Segment Start: Materials provided
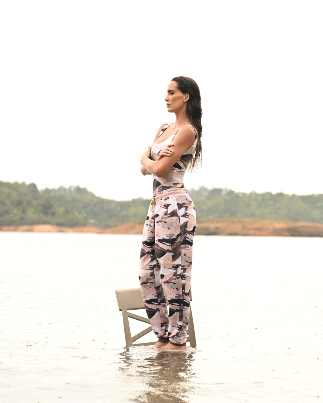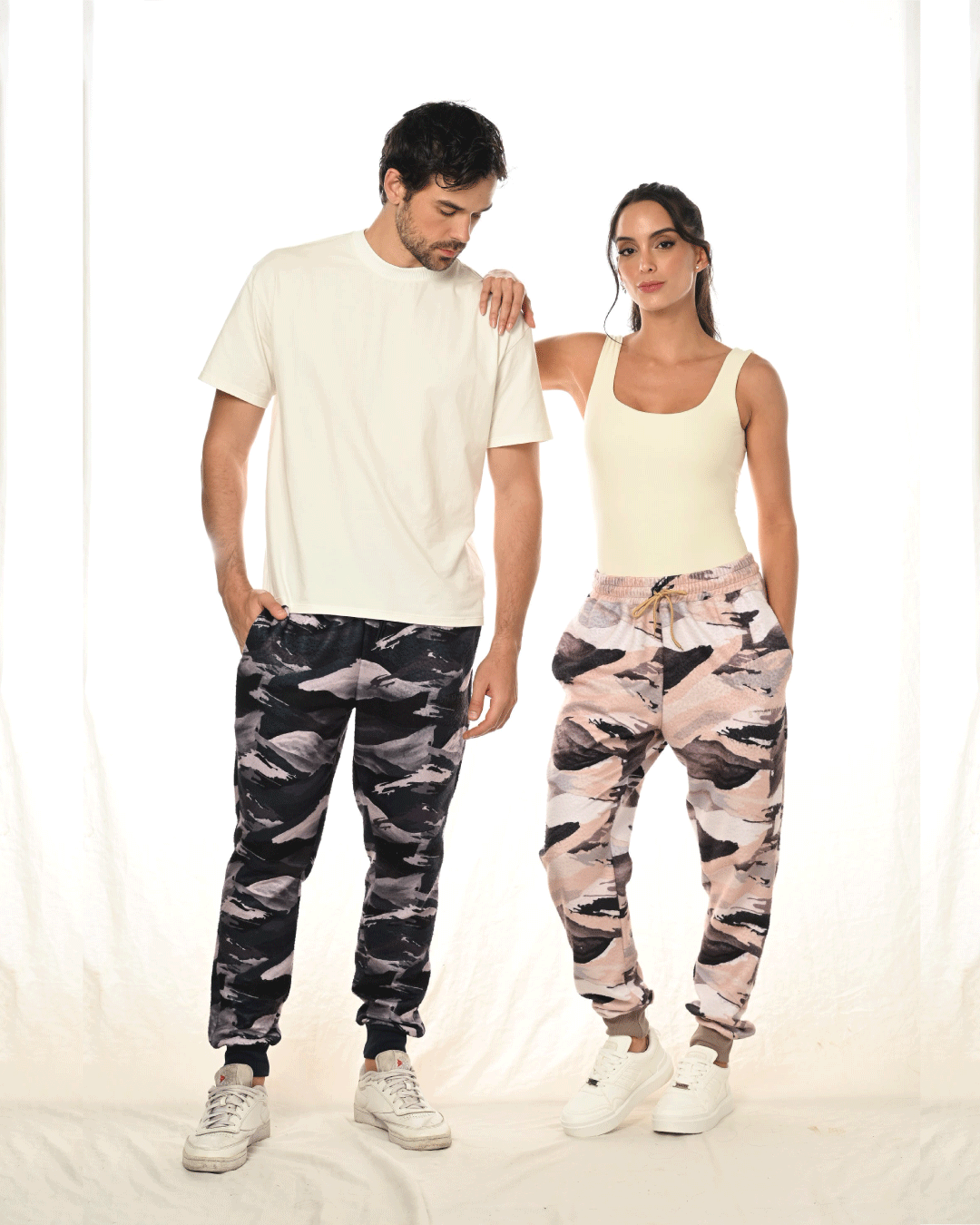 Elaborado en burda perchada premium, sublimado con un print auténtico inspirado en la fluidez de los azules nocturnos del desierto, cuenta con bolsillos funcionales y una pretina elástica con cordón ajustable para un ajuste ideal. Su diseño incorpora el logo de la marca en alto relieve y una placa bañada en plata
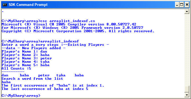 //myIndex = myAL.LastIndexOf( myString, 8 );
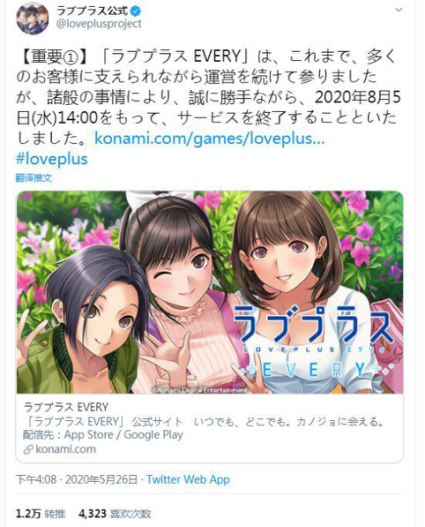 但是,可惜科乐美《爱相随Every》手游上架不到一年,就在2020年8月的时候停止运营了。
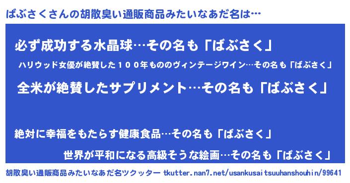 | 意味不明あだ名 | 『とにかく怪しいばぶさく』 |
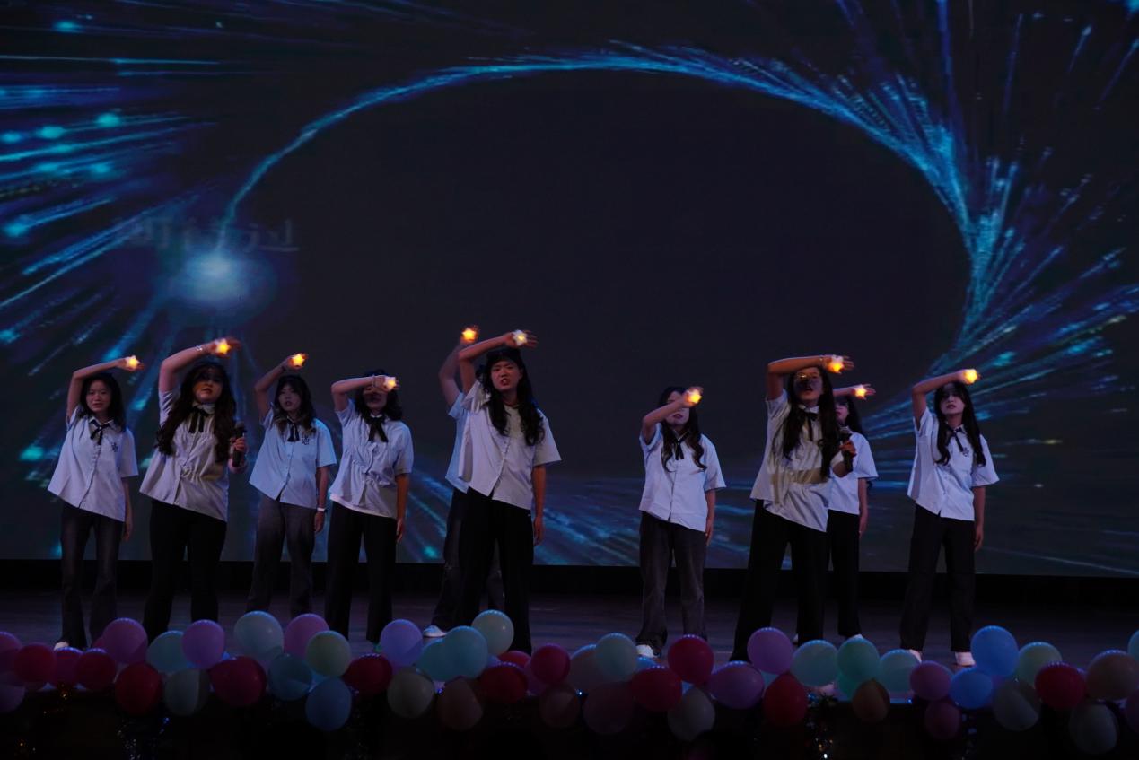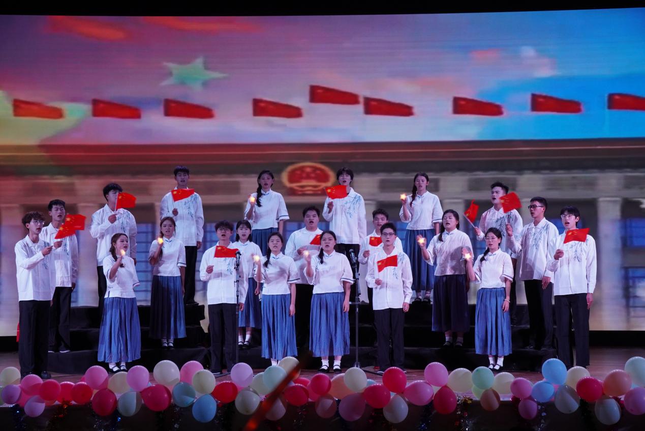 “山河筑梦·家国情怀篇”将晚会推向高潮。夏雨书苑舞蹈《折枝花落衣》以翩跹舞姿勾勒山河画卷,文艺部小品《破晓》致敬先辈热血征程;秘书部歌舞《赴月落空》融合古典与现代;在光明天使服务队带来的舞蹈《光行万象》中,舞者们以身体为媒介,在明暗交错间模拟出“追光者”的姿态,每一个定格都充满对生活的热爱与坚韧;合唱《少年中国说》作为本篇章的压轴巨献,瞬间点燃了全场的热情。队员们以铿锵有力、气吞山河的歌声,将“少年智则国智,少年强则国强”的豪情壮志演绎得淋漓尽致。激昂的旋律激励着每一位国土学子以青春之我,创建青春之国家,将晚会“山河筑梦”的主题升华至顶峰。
Segment End: Materials provided
[Assigned task] In your copy, omit the pictures and restate every line of the data word for word.

[Task result]
 Elaborado en burda perchada premium, sublimado con un print auténtico inspirado en la fluidez de los azules nocturnos del desierto, cuenta con bolsillos funcionales y una pretina elástica con cordón ajustable para un ajuste ideal. Su diseño incorpora el logo de la marca en alto relieve y una placa bañada en plata
 //myIndex = myAL.LastIndexOf( myString, 8 );
 但是,可惜科乐美《爱相随Every》手游上架不到一年,就在2020年8月的时候停止运营了。
 | 意味不明あだ名 | 『とにかく怪しいばぶさく』 |
 “山河筑梦·家国情怀篇”将晚会推向高潮。夏雨书苑舞蹈《折枝花落衣》以翩跹舞姿勾勒山河画卷,文艺部小品《破晓》致敬先辈热血征程;秘书部歌舞《赴月落空》融合古典与现代;在光明天使服务队带来的舞蹈《光行万象》中,舞者们以身体为媒介,在明暗交错间模拟出“追光者”的姿态,每一个定格都充满对生活的热爱与坚韧;合唱《少年中国说》作为本篇章的压轴巨献,瞬间点燃了全场的热情。队员们以铿锵有力、气吞山河的歌声,将“少年智则国智,少年强则国强”的豪情壮志演绎得淋漓尽致。激昂的旋律激励着每一位国土学子以青春之我,创建青春之国家,将晚会“山河筑梦”的主题升华至顶峰。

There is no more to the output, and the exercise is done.